Antiretroviral drugs constitute a milestone in the treatment of human
immunodeficiency virus (HIV) infection; however, emerging problems limit their
long-term use, and an increasing number of patients interrupt the prescribed
continuous drug therapy for short or long periods. Some patients appear to
benefit from structured treatment interruptions (STI), involving monitored
repetition of on-and-off cycles of drugs; however, it is unclear whether patients
and/or physicians should consider STI as a treatment option.
This review is intended to provide a comprehensive update on the use
of STI in clinical settings, and to carefully evaluate the advantages and
potential risks for patients infected with HIV. We used a MEDLINE search to
find all English-language articles published January 1999 to August 2001 regarding
patients treated with highly active antiretroviral therapy for whom treatment
interruption was investigated. Priority was assigned to peer-reviewed sources,
when available. Otherwise, abstracts from authoritative international conferences
were selected through the AIDSLINE database.

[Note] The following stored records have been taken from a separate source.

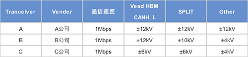 表1 ESD Durabitily of CAN Tranceiver for each IC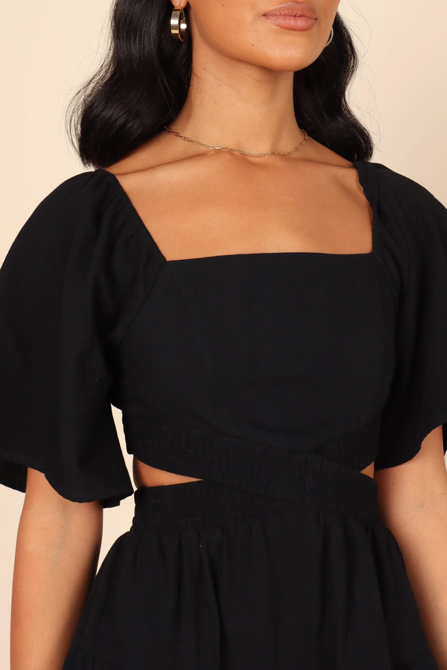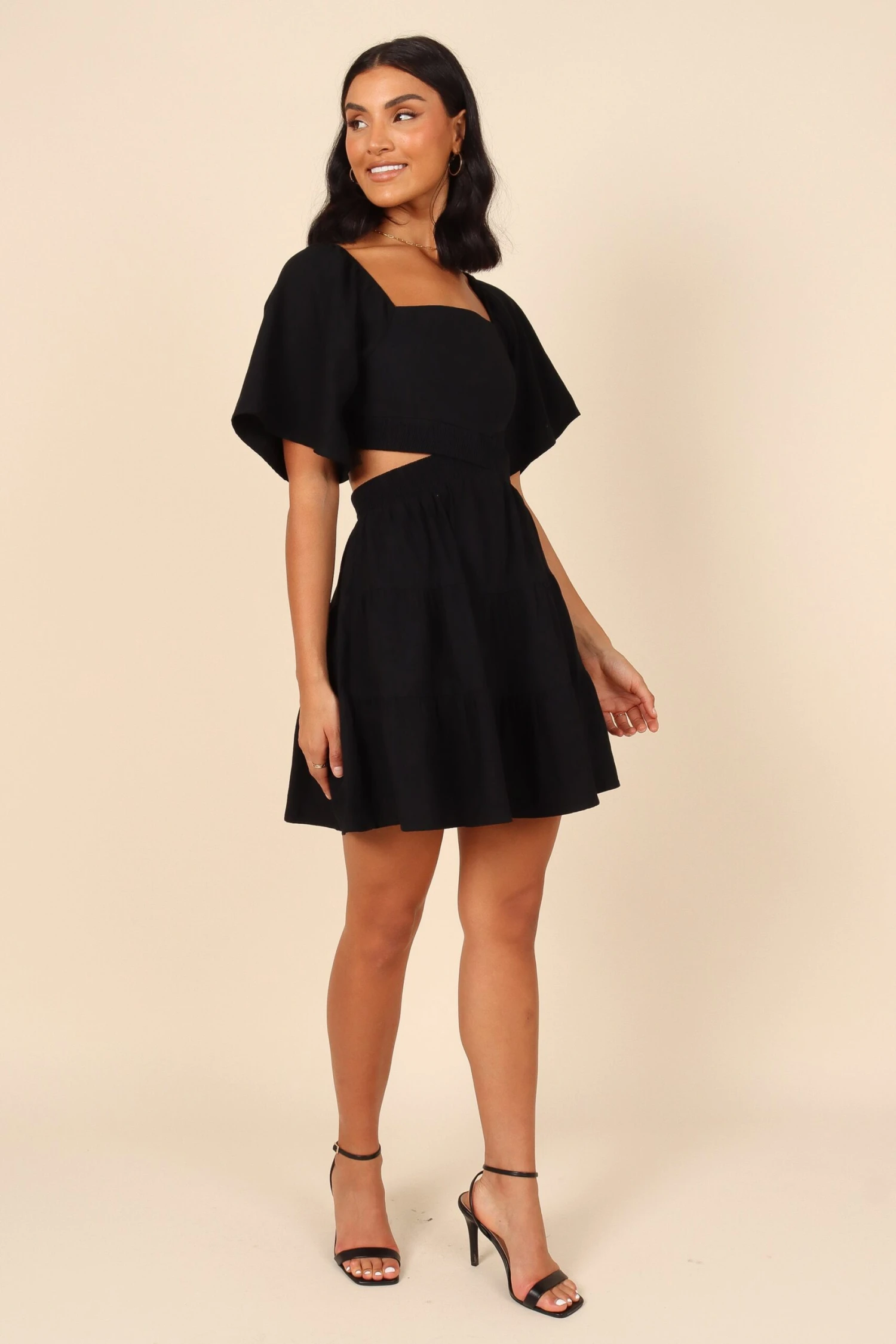 | DETAILS This party dress is the perfect pick for a fun-filled night of dancing and celebrations! With an above knee length, square neckline, short sleeves, back shirred panel and front twist design, you’ll look your best in this stunning ensemble.Â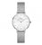 Orologio da donna Daniel Wellington della collezione Lumine con movimento al quarzo GL22 e funzioni di solo tempo. Cassa rotonda in acciaio inox dal diametro di 28 mm e spessore di 6 mm. Quadrante in madreperla bianca con cristalli scintillanti bianchi agli indici. Cinturino in maglia milano d'acciaio anallergico largo 12 mm. Chiusura con fermaglio di sicurezza. Resistente all'acqua fino a 30 metri di profondità. Completo di scatola e garanzia.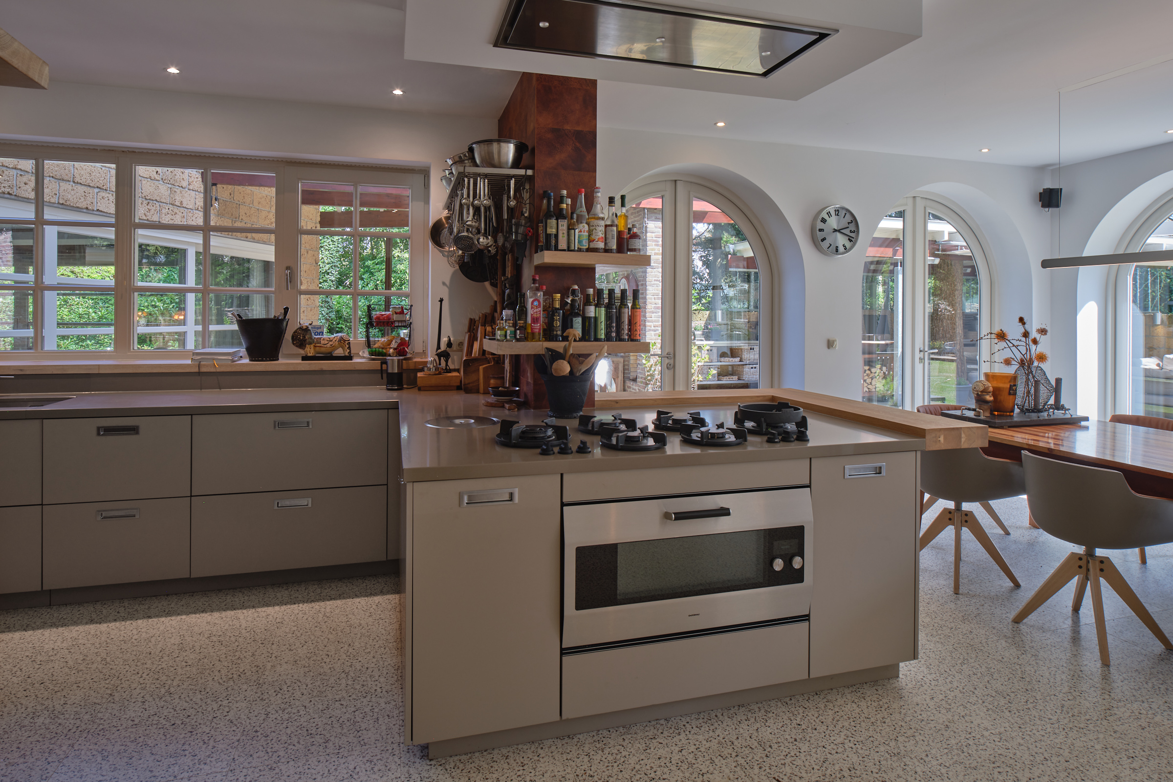 The kitchen has a gas fireplace, spacious dining area and double doors to the garden. This gives a nice connection with the garden and the outdoor kitchen. Here you bring the outside in.

Results from various studies with respect to type of drug treatment,
baseline patient status, number of treatment interruptions, duration of treatment
and interruption, changes in viral load, and immune system parameters were
analyzed. Patients could be categorized into 3 distinct clinical scenarios:
acute infection, chronic drug-suppressed infection and virological drug failure.
The STI approach may offer more benefit during acute infection when the patient's
immune system remains nearly intact. It is yet to be determined whether STI
will facilitate the long-term management of chronic infection by decreasing
drug-associated toxicity and improving quality of life without jeopardizing
the efficacy of the treatment. Results from randomized controlled trials and
more definitive means of gauging the status of the patient's immune system
must be available before this treatment method is extended beyond the research
setting. Ultimately, a safer approach using therapeutic immunization or vaccination
would be preferable for stimulating vigorous T-cell–mediated immune
responses and control of HIV during treatment interruption.